Hitachi Ltd. and the U.K. government started official talks last month on building new reactors in Wales, with a goal of firing them up in the first half of the 2020s.
The outlook for the ¥3 trillion project is unclear, with both sides facing a string of challenges in the talks going forward.
For Tokyo, the plan is one of its few remaining major overseas projects on the horizon, with other nuclear power generation plans discontinued or facing cancellation.
The government’s bet on nuclear power plants as a pillar of infrastructure exports comes as the likes of Germany, Italy, Taiwan and South Korea are pulling out of atomic power generation.

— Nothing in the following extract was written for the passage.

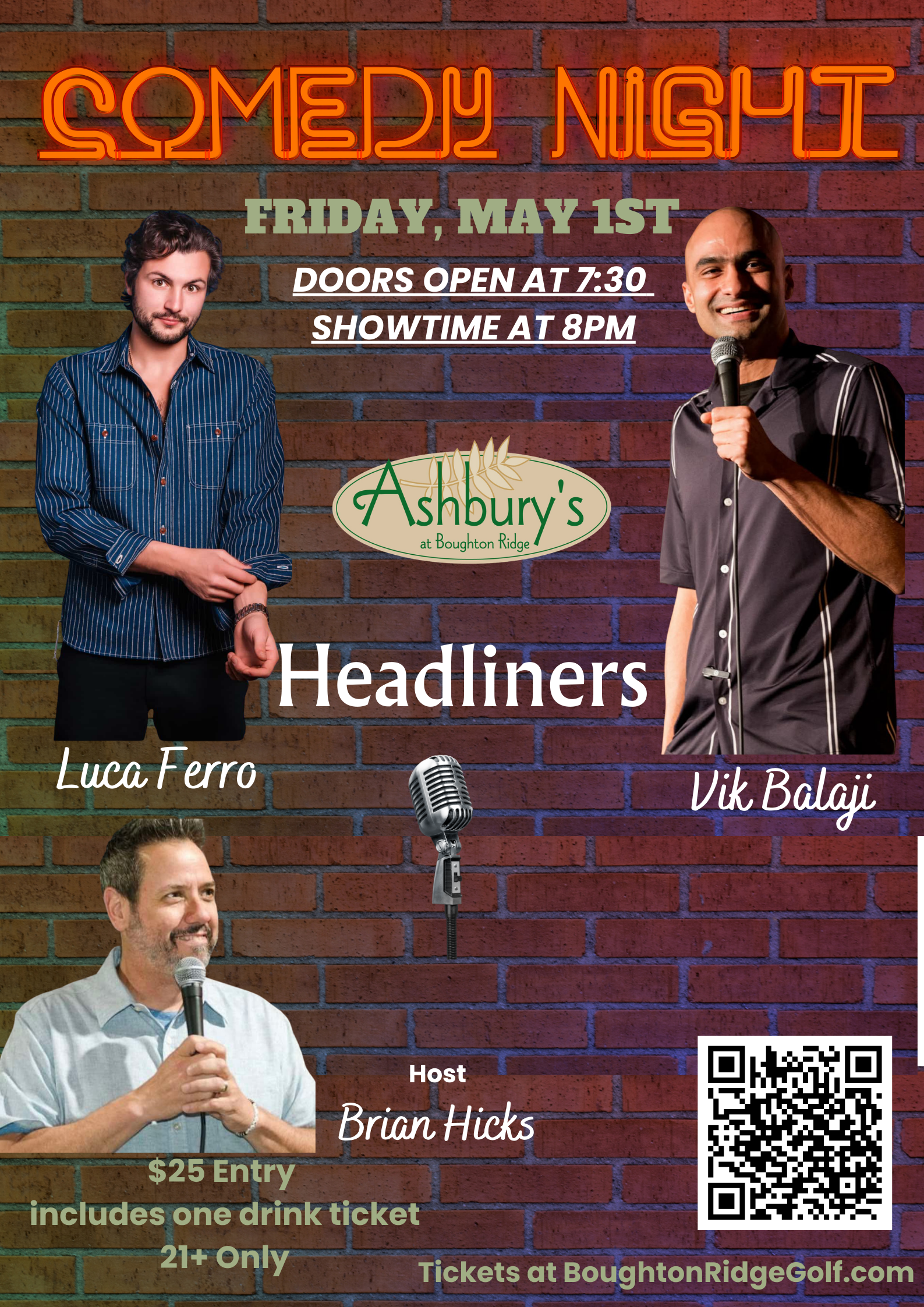Get ready for a night full of laughs as Comedy Night returns to Ashbury’s Dining Room! Join us for an evening of stand-up featuring three hilarious comedians bringing unique styles and big laughs to the stage.

Critics argue that a surge in safety costs and accident worries caused by the 2011 Fukushima disaster, in addition to the lack of viable disposal solutions for radioactive waste, mean there is no justification for keeping faith in nuclear energy. Compounding the sector’s decline is the rapidly dropping cost of tapping such renewable energy sources as wind and solar power.
Still, some emerging economies look like they will need new nuclear power plants, and Japanese builders see few chances to construct new ones anytime soon in Japan.
“The Japanese government has been pushing hard for exports of nuclear power plants but it’s clear that it’s not going well,” said Tadahiro Katsuta, a professor at Meiji University. “The government will spare no effort in giving momentum to the exports.”